REPORT No. 21/17
CASE 11.738
MERITS
ELBA CLOTILDE PERRONE AND JUAN JOSE PRECKEL
ARGENTINA
MARCH 18, 2017

I.

SUMMARY

1.
On December 23, 1996 and January 13, 1997, the Inter-American Commission on Human
Rights (hereinafter, “the Commission,” “the Inter-American Commission” or “the IACHR”) received two
petitions lodged by the Permanent Assembly for Human Rights (Asamblea Permanente por los Derechos
Humanos,1 hereinafter “the petitioners”), alleging that the Republic of Argentina (hereinafter “the State,” “the
Argentine State” or “Argentina”) is internationally responsible for not paying Elba Clotilde Perrone and Juan
José Preckel their wages during the time they were held in custody and then, in his case, lived in exile.
2.
According to the petitioners, during the time of the Argentine military dictatorship, Mrs.
Perrone and Mr.
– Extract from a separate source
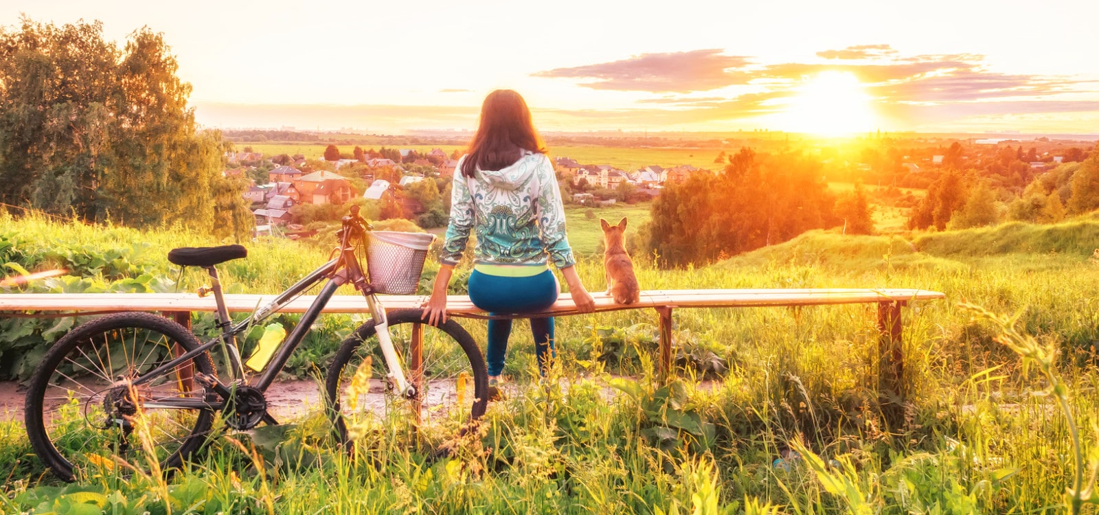 A girl and a dog are looking at a beautiful sunset on the horizon

Preckel were public sector employees at the General Tax Directorate. They claimed that
both of them were arbitrarily detained and held into custody, tortured and, after their release, banished into
exile. The petitioners argued that Mrs. Perrone and Mr. Preckel pursued several remedies in the domestic
courts in order to receive their lost earnings and other employee benefits from that period of time. They
contended that the administrative and judicial decision-making bodies denied their claims and that it was
tantamount to a denial of justice. They explained that these decisions were not adequately justified and
reasoned and did not adhere to standards of due process of law.
3.
The State argued that under Law No. 24.043, compensation was paid to both of the alleged
victims for the different infringements endured by them during their deprivation of liberty, including the
bodily harm inflicted upon them. It contended that said payment satisfied both of their claims for reparation
stemming from the violation of their human rights. It alleged that the administrative and judicial rulings
regarding their claims of lost wages were issued in keeping with due process and that the content of the
rulings was grounded in provisions of domestic law.
4.
After examining the available information, the Commission concluded that the Argentine
State is responsible for the violation of the right to a fair trial and judicial protection, as established in Articles
8.1 and 25.1 of the American Convention on Human Rights (hereinafter “the American Convention” or “the
Convention”), in connection with the obligations set forth in Article 1.1 of the same instrument, to the
detriment of Elba Clotilde Perrone and Juan José Preckel.
II.

PROCEEDINGS BEFORE THE COMMISISON

5.
In communications received on December 23, 1996 and January 13, 1997, the Permanent
Assembly for Human Rights filed the complaint in the instant matter. Admissibility Report No. 67/99 of May
4, 19992 describes the processing of the case during the admissibility stage. The IACHR found the petition
admissible in regard to the rights enshrined in Articles 3, 8, 21, 24 and 25 of the American Convention and in
Article XIV of the American Declaration of the Rights and Duties of Man.
6.
On May 13, 1999, the Commission notified the parties of the admissibility report.
Additionally, the IACHR placed itself at the disposal of the parties to aid in possibly reaching a friendly
settlement. On April 14, 2000, the petitioners submitted a communication to the IACHR putting forth their
1 At a later date, the Fundación Angela María Aieta de Gullo para la Defensa y Promoción de los Derechos Económicos, Sociales
y Culturales (FAMAG), as well as Juan Méndez, became petitioners.
2

IACHR, Report No. 67/99, Case 11.738, Admissibility, Elba Clotilde Perrone and Juan José Preckel, Argentina, May 4, 1999.